I have not written weekly home ed updates this season. It’s been a very different season to the one I neatly time tabled and planned in colour code back in August. Our children are people with their own minds and for this season writing that incorporated their actions has felt an intrusion on who they are. It has been a session where I have named and started to own my anxiety. To recognise past actions that have fed into that, balanced with hormonal impacts and a lack of nightly solid sleep. The difference speaking them out loud to another makes sense. In scripture we are called to confess our sins to one another. Anxiety works the same way. We are freed from the hold of them when they are out there. We still have to address them, to face the consequences, to work through them but they no longer enslave us. Just this past Tuesday having spent the day going round in circles with anxiety and finally getting time late at night to share with Mark and laugh over them together was I able to drift off to sleep peacefully and enjoy Wednesday. Issues were still present but I was able to put logical thinking into action and address those that needed action.

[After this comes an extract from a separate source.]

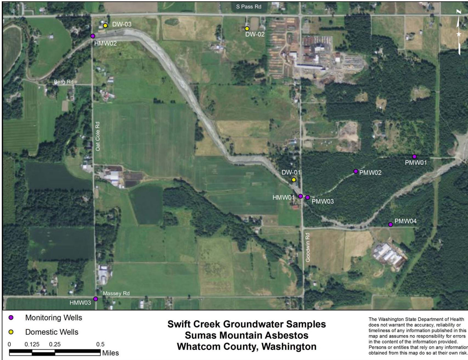
Figure B-1: Swift Creek Groundwater Sampling Locations, Swift Creek, Whatcom County, Washington

It has been a term when we have journeyed through the application and interview process for a new job with a church which we will be starting in the New Year. That has taken far more out of me than I anticipated. It has meant facing up to many fears and events in my past. It has meant acknowledging pains and wrongs afresh as I look to head back into church ministry. In some ways it has meant a new journey with God. I want to say it has meant I have spent more time with Him, praised Him more. In reality it has more often than not meant leaning on the truths I know of Him of old and putting one foot in front of the other as laundry, meals and lessons have gone on, hoping that it is true that He has gone ahead and prepared a place. That He has promised to be with us to the end of the age as we go and make disciples.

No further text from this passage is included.